27 April 2026, 16:10

Gericht kippt rechtswidrige Personenkontrolle an deutsch-luxemburgischer Grenze

Detailiertes altes Kartenbild der Provinzen Luxemburgs mit beschrifteten Grenzen, Städten und geographischen Merkmalen.

Gericht kippt rechtswidrige Personenkontrolle an deutsch-luxemburgischer Grenze

Ein deutsches Gericht hat entschieden, dass eine Personenkontrolle an einem Reisenden, der von Luxemburg nach Deutschland einreiste, rechtswidrig war. Der Beschluss folgt auf einen Fall, in dem Bundespolizisten im Juni 2025 einen Fahrgast in einem Reisebus an einer Raststätte an der Autobahn kontrollierten. Die Richter in Koblenz urteilten, dass die Grenzkontrolle gegen EU-Vorschriften verstieß.

Der Vorfall ereignete sich, als der Kläger mit einem Fernbus von Luxemburg nach Saarbrücken unterwegs war. Bei einem Halt an der Autobahn A8 führte die Bundespolizei eine stichprobenartige Personenkontrolle durch. Der Reisende focht die Rechtmäßigkeit der Maßnahme später an und argumentierte, Deutschland habe die Verlängerung der Binnengrenzkontrollen nach dem Schengener Grenzkodex nicht ausreichend begründet.

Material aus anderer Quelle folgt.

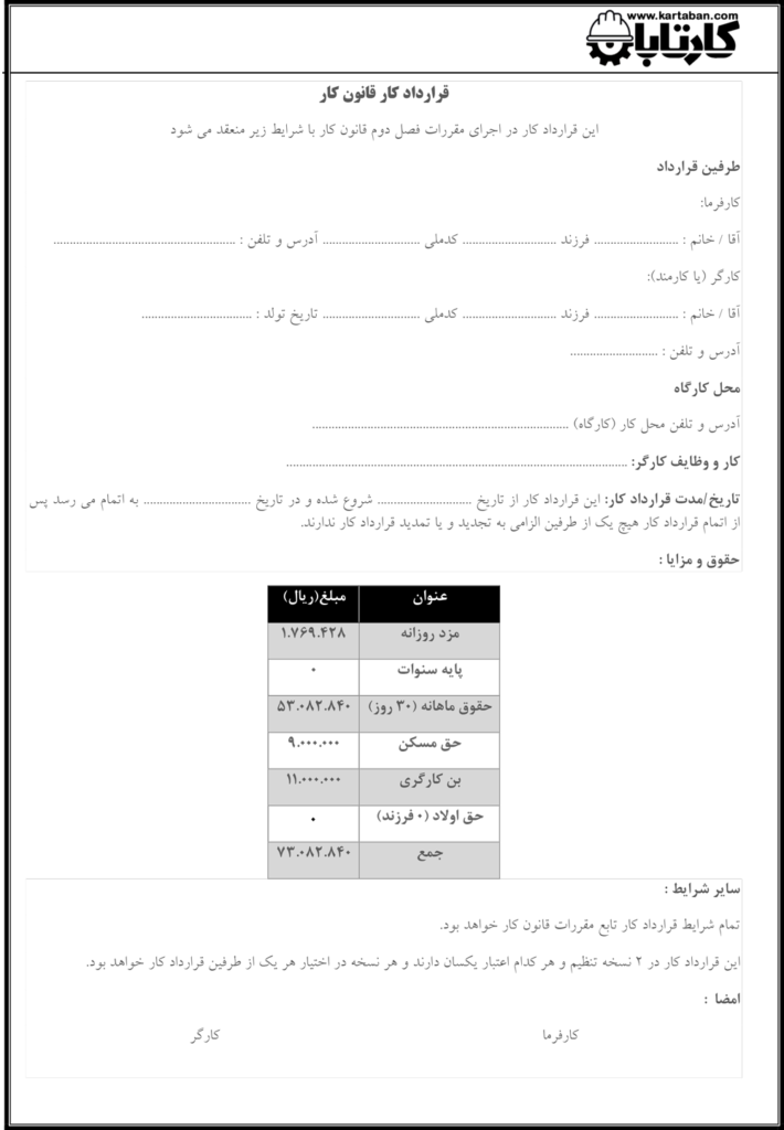 نمونه قرارداد کار ۲ فرزند ۰ سابقه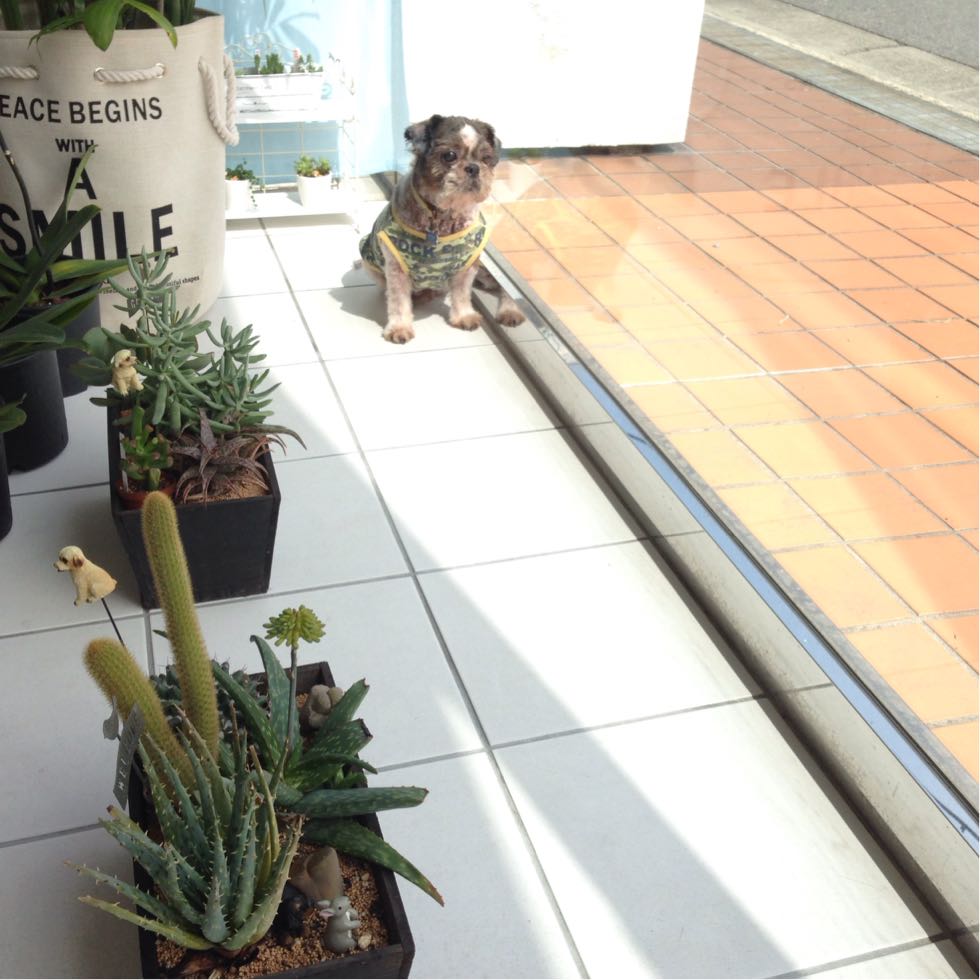 お店のガラス越し、ナッホ君がパワースポット発見すね。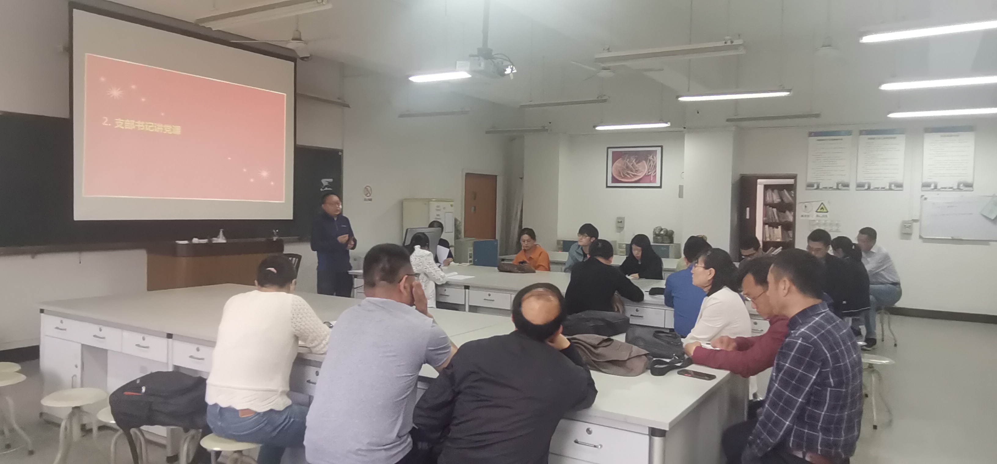 首先,全体党员认真学习了习近平总书记在学习贯彻习近平新时代中国特色社会主义思想主题教育工作会议上的重要讲话精神。接着,支部书记郭启高讲党课。郭启高围绕“如何培养德智体美劳全面发展的社会主义建设者和接班人”这一时代命题,结合习近平总书记关于人才培养的讲话精神,社会主义建设者和接班人应具备素质、教师应做的重要工作、个人体会三方面,进行了深度讲解。

Das Verwaltungsgericht Koblenz gab dem Kläger recht und erklärte die Kontrolle für unzulässig. Die Richter stellten fest, dass die Behörden keine hinreichenden Belege für eine schwere Gefahr für die öffentliche Ordnung oder die nationale Sicherheit vorgelegt hatten. Nach Artikel 25 des Schengener Grenzkodex sind solche Kontrollen nur in Ausnahmefällen erlaubt.

Deutschland hatte die Grenzüberprüfungen zwischen Luxemburg und Deutschland vom 16. März 2025 bis zum 15. September 2025 verlängert. Das Gericht kam jedoch zu dem Schluss, dass die Verantwortlichen die Bedrohungslage nicht ausreichend geprüft oder eine plötzliche Entwicklung dokumentiert hatten, die eine Verlängerung erforderlich machte. Ohne diese Begründung fehlte der Identitätsfeststellung die rechtliche Grundlage.

Gegen das Urteil kann noch vor dem Oberverwaltungsgericht Rheinland-Pfalz Berufung eingelegt werden. Bundespolizisten dürfen solche Kontrollen nur durchführen, wenn sie mit dem EU-Recht vereinbar sind.

Die Entscheidung des Gerichts bestätigt, dass die Personenkontrolle die gesetzlichen Grenzen überschritten hat. Gleichzeitig unterstreicht sie die strengen Voraussetzungen, unter denen EU-Mitgliedstaaten Binnengrenzkontrollen wieder einführen oder verlängern dürfen. Der Fall steht nun vor einer möglichen Berufung.